Despite a modest national decline in prevalence (2008–2017), several regions displayed long-term persistence and continuity. Such stability suggests underlying structural drivers—industrial legacies, intensive agriculture, or limited pediatric-oncology capacity—that warrant multisectoral investigation. The pronounced sex gap in tumour typology (malignant tumors more common in boys; benign/uncertain tumors rising in girls) echoes international reports linking male susceptibility to hematological malignancies and female predilection for vascular lesions [33].
Romania’s estimated 69% survival rate for childhood cancer remains ~10 percentage points below Western Europe [34]. Spatially disaggregated registries, like the one piloted here, are essential to close that gap by enabling early detection and targeted outreach.
Mapping persistent hotspots allows health authorities to overlay environmental (air, soil, water pollution), socio-economic (income, education), and infrastructural (distance to oncology centers) layers, creating predictive risk models for proactive screening. Civil-society organizations—including Little People, Dăruiește Aripi, Renașterea, and Magicamp—already supply psychosocial support and are building a national pediatric-oncology registry with spatial dimensions [21,35,36,37]. Aligning our hotspot maps with these networks could accelerate case-finding, improve data completeness, and optimize resource allocation.
Our identification of stable clusters parallels findings from Italy’s Po Valley and Germany’s Ruhr region, where long-term pediatric-cancer persistence has been linked to industrial emissions and vehicular pollution [38,39]. Conversely, the episodic surges we observed in isolated Romanian settlements resemble patterns reported in rural Spain after agrochemical spills [40], suggesting that both chronic and acute exposures may be operative.
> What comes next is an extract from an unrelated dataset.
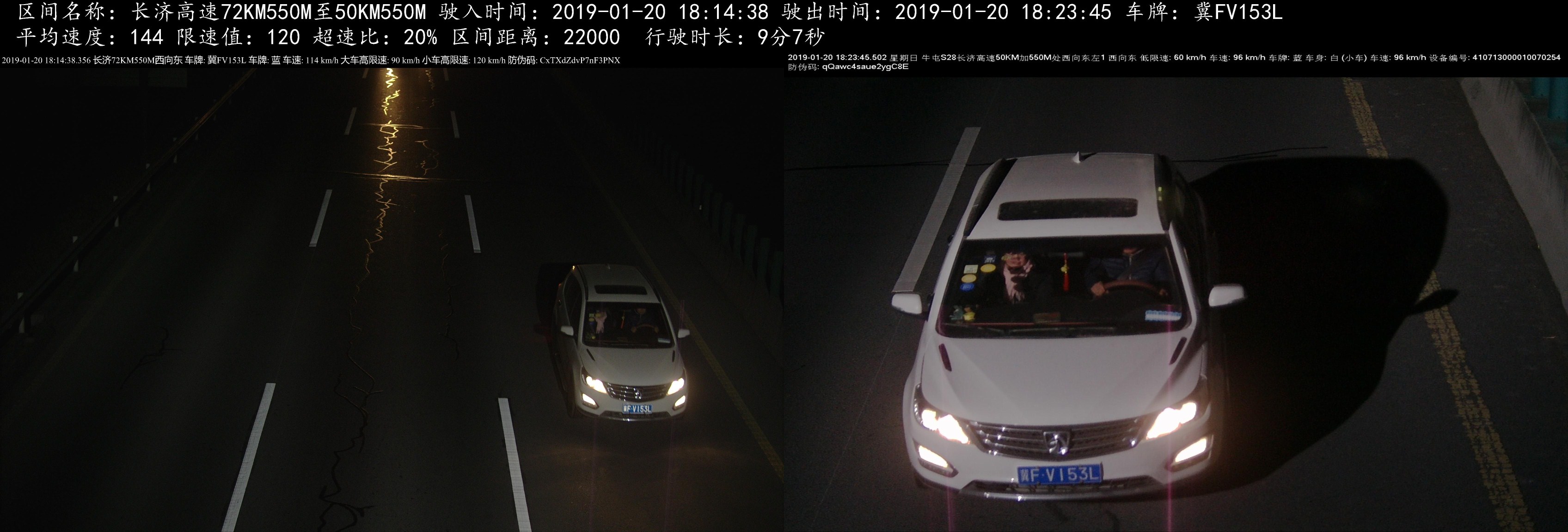 >> 冀FV153L小型汽车区间超速20%,罚款200元,记6分。

Such analogues reinforce the need for combining environmental monitoring and molecular epidemiology to disentangle causal pathways.
This study identifies several Romanian settlements exhibiting extreme, localized spikes in pediatric cancer prevalence, diverging sharply from national trends. These outliers—including Boianu Mare, Valea Salciei, and Buești—show near-zero early rates followed by sudden surges (e.g., up to 178.29‰), suggesting temporal “step-changes.” Such patterns may indicate point-source environmental exposures, improved case detection, or demographic shifts. Geographically dispersed, these outliers likely have context-specific drivers. We recommend targeted field investigation environmental sampling, health-service audits, and socio-economic assessments—to determine causes and inform local public health action.
4.1. Limitations and Future Directions
This study was designed as a descriptive analysis; we therefore refrain from causal interpretation and focus on characterizing population-level patterns given the available data. First, the analysis was confined to the 2008–2017 period because pre-2008 reporting was fragmented; incorporating data from more recent years will help confirm current trends and support near-real-time surveillance. Second, the models did not yet include environmental or socio-economic covariates—such as pollution loads, household income, or proximity to specialized clinics—variables that could illuminate causal pathways once integrated with the hotspot maps. Third, aggregation at the ATU level, while useful for national coverage, may conceal sharp intra-urban disparities; moving to finer spatial units (e.g., census tracts or neighborhoods) would capture these micro-inequities. Fourth, individual-level risk factors—genetic predisposition, prenatal exposures, parental occupation—were unavailable, limiting direct causal inference. Finally, regional differences in diagnostic capacity and reporting quality, especially in rural areas with fewer pediatric-oncology services, raise the possibility of under- or over-estimation of prevalence. Addressing these gaps through expanded temporal coverage, multisource data linkage, higher-resolution mapping, and targeted field studies will strengthen the explanatory power of spatial epidemiology and sharpen its utility for Romanian pediatric-cancer control.
Regarding ecological design our analysis is ecological: cancer counts and rates were aggregated at the entrenched hotspots in (county/region) Central Transylvania and the Southeast/Bărăgan Plain, as well as episodic spikes in villages such as Boianu Mare and Valea Salciei level, and results pertain to populations rather than individuals. As such, ecological fallacy is possible; associations at the area level may not reflect individual-level relationships.
We also lacked harmonized regional covariates (e.g., migration, detailed socioeconomic structure, healthcare access metrics) for adjustment, which can influence observed spatial patterns in descriptive analyses.
As the present study looked at cancer cases diagnosed between 0–18 years old, maternal exposures and risk factors need to be discussed. We have no maternal linkage. The cancer registry data are not linked to maternal information, birth registries, or perinatal exposure records (e.g., maternal age, comorbidities, medications, smoking, occupational exposures), precluding direct examination of maternal or gestational risk factors.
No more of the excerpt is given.